DESCRIPTION OF THE TASK
What should come back is the data below, word for word, minus any picture.

DATASET EXCERPT
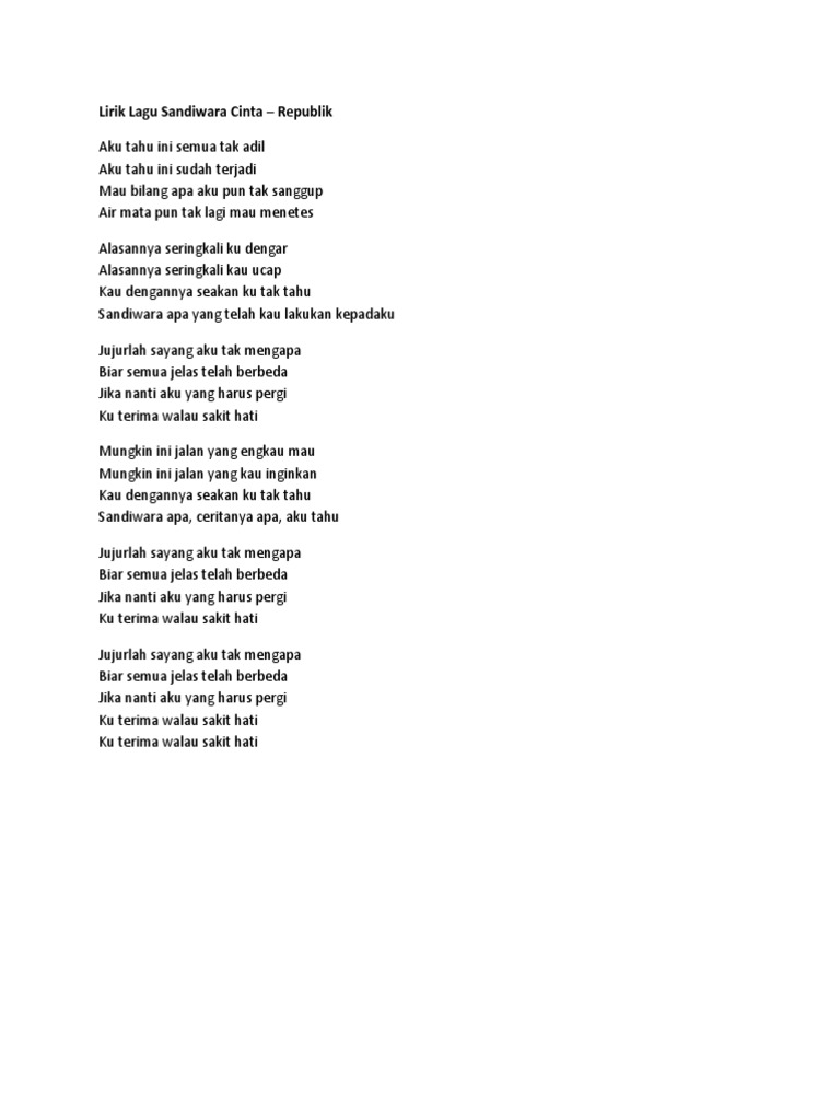 Jujurlah sayang aku tak mengapa Biar semua jelas telah berbeda Jika nanti aku. Sandiwara CintaRepublik Aku tahu ini semua tak adil. I know this have.
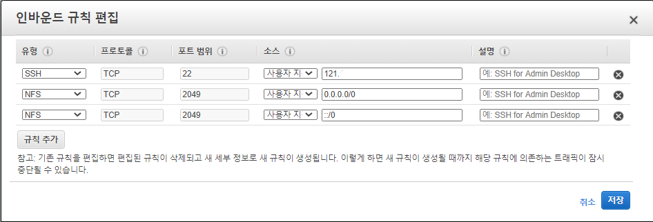 보안그룹 생성 혹은 기존 보안그룹에서 인바운드 규칙 설정
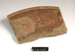 Frammento di recipiente di forma aperta (piatto?) con orlo arrotondato; dipintura interna ed esterna.
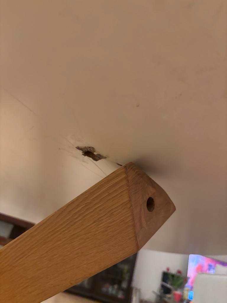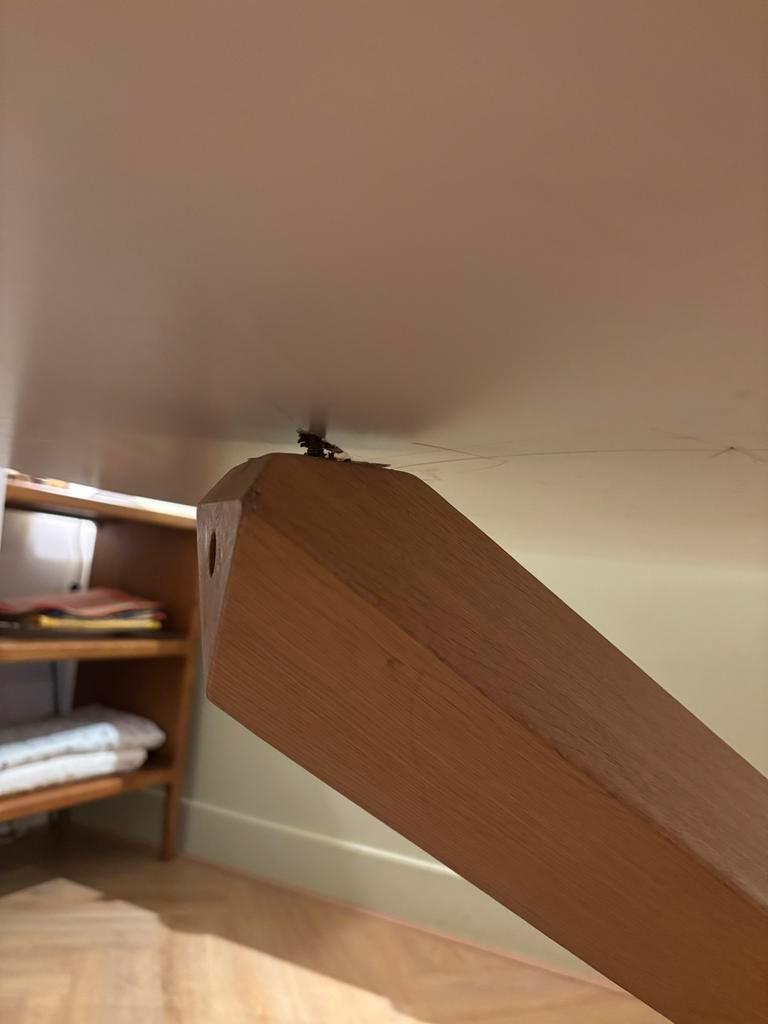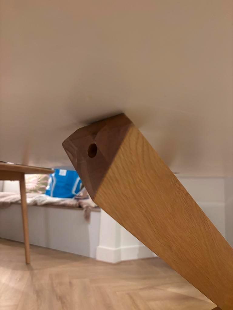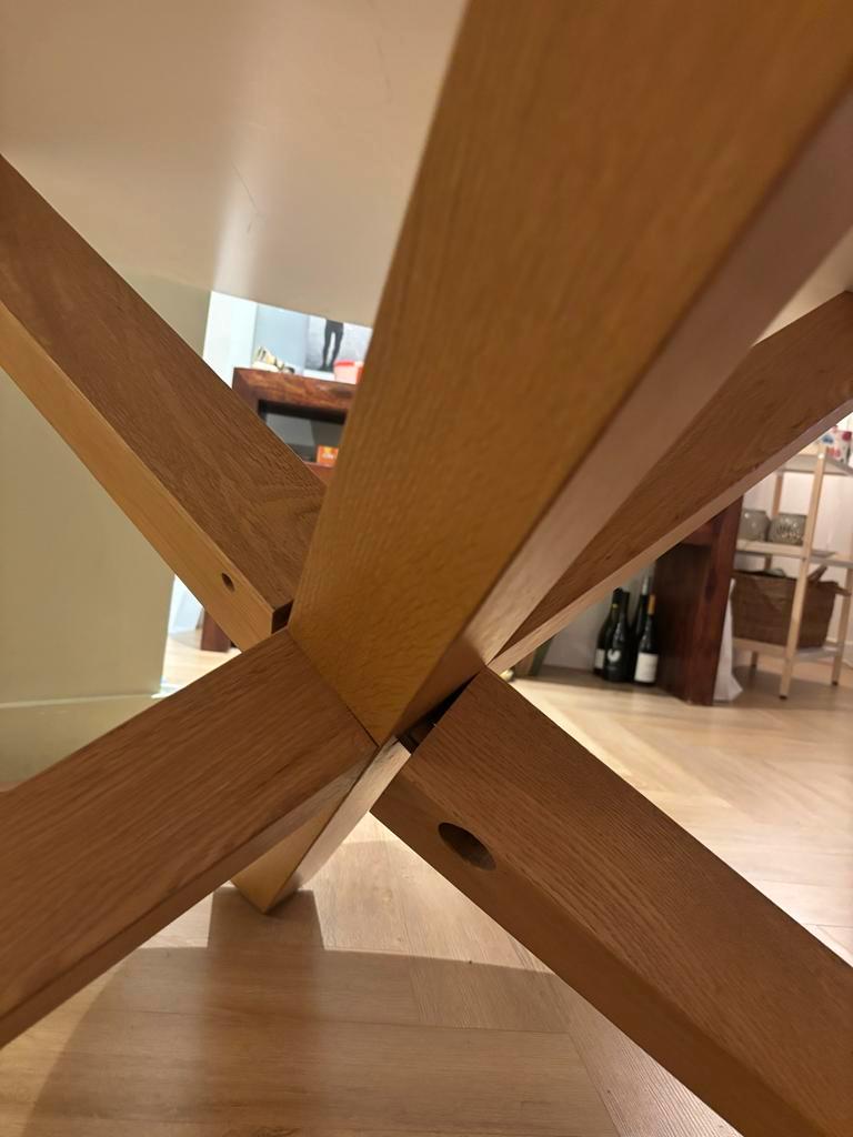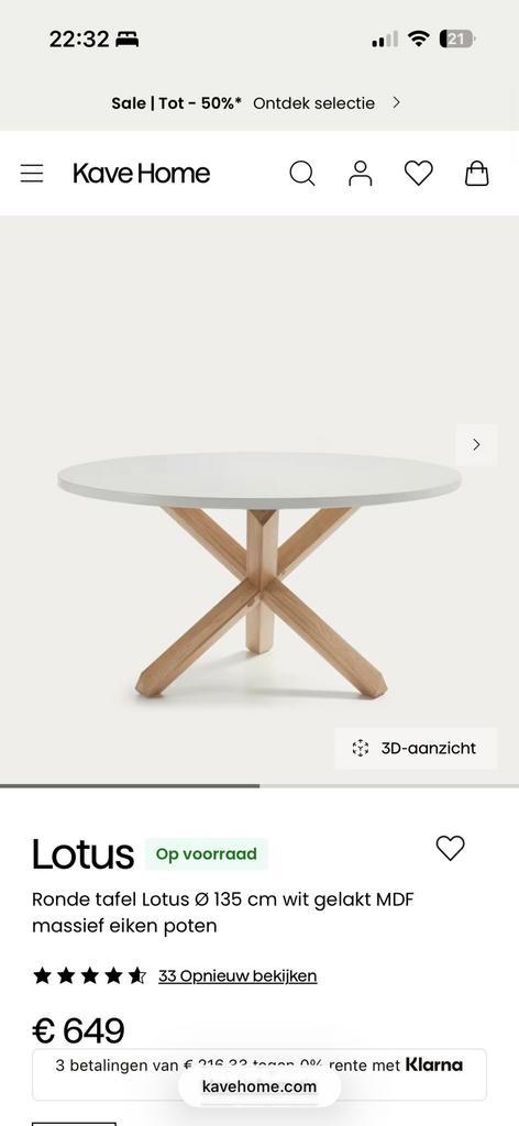 Eettafel lotus. Mooie ronde tafel met een diameter van 135 cm. De tafel is wankel en het blad ligt er niet goed op maar wel te fiksen als je handig bent.

ANSWER SECTION
 Jujurlah sayang aku tak mengapa Biar semua jelas telah berbeda Jika nanti aku. Sandiwara CintaRepublik Aku tahu ini semua tak adil. I know this have.
 보안그룹 생성 혹은 기존 보안그룹에서 인바운드 규칙 설정
 Frammento di recipiente di forma aperta (piatto?) con orlo arrotondato; dipintura interna ed esterna.
 Eettafel lotus. Mooie ronde tafel met een diameter van 135 cm. De tafel is wankel en het blad ligt er niet goed op maar wel te fiksen als je handig bent.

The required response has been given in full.